2. `nexu-io/open-design` a local-first open replica of Anthropic's Claude Design, offering...
3. Its high Growth Score of 99.90 and an impressive 47,857 stars indicate that developers...Full report → https://pullrepo.com/report/todays-ai-agent-fastest-growing-projects-may-21-2026
-
-
-
-
-
-
CISA Exposes Sensitive Data in Unsecured GitHub Repository
A shocking security lapse was uncovered when a GitGuardian researcher stumbled upon a public GitHub repository containing 844 MB of sensitive production infrastructure material from a national agency, left exposed for a staggering six months. This alarming data leak highlights the gravity of unsecured data, with expert Guillaume Valadon…

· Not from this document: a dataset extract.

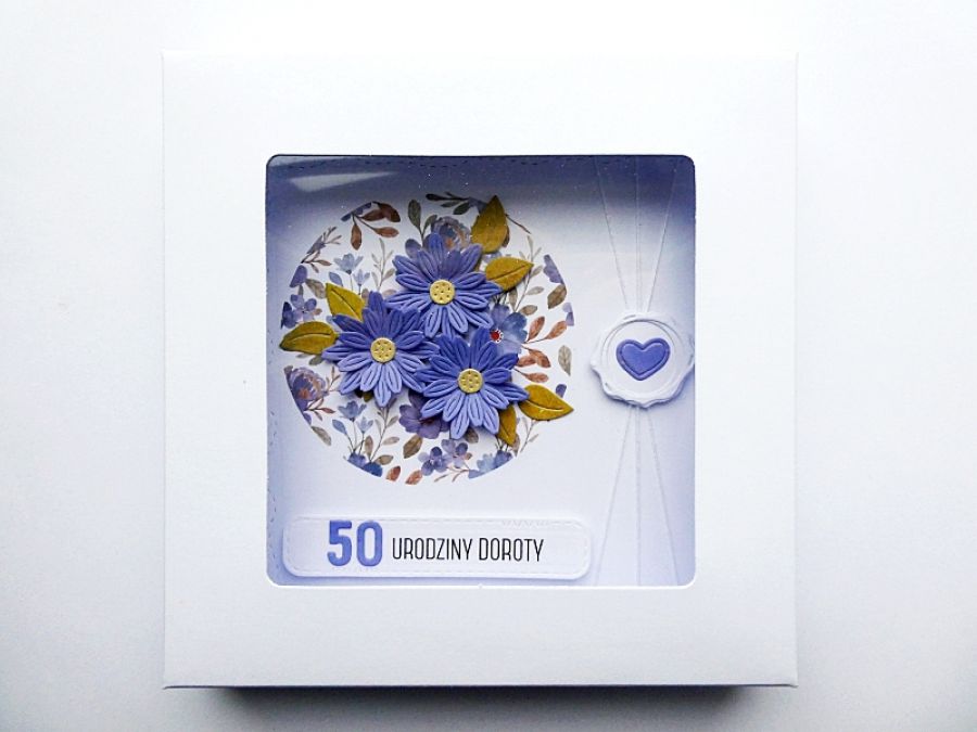 Ręcznie wykonana kartka na urodziny w komplecie z pudełkiem z okienkiem.

#SensitiveDataLeak #Cisa #Github #UnsecuredRepository #EmergingThreats
-
Deep – CLI/REPL for generating and iterating on codebases using DeepSeek
-
Deep – CLI/REPL for generating and iterating on codebases using DeepSeek
-
Deep – CLI/REPL for generating and iterating on codebases using DeepSeek
-
Deep – CLI/REPL for generating and iterating on codebases using DeepSeek
-
Deep – CLI/REPL for generating and iterating on codebases using DeepSeek
-
Show HN: CPU-only transcription for YouTube, TikTok, X, Instagram videos
-
Show HN: CPU-only transcription for YouTube, TikTok, X, Instagram videos
-
Show HN: CPU-only transcription for YouTube, TikTok, X, Instagram videos
-
Show HN: CPU-only transcription for YouTube, TikTok, X, Instagram videos
-
Show HN: CPU-only transcription for YouTube, TikTok, X, Instagram videos
-
GitHub, the popular developer platform owned by Microsoft, confirmed it was hacked and attackers had stolen data from around 3,800 internal code repositories.
-
GitHub, the popular developer platform owned by Microsoft, confirmed it was hacked and attackers had stolen data from around 3,800 internal code repositories.
-
GitHub, the popular developer platform owned by Microsoft, confirmed it was hacked and attackers had stolen data from around 3,800 internal code repositories.
-
GitHub, the popular developer platform owned by Microsoft, confirmed it was hacked and attackers had stolen data from around 3,800 internal code repositories.
-
GitHub, the popular developer platform owned by Microsoft, confirmed it was hacked and attackers had stolen data from around 3,800 internal code repositories.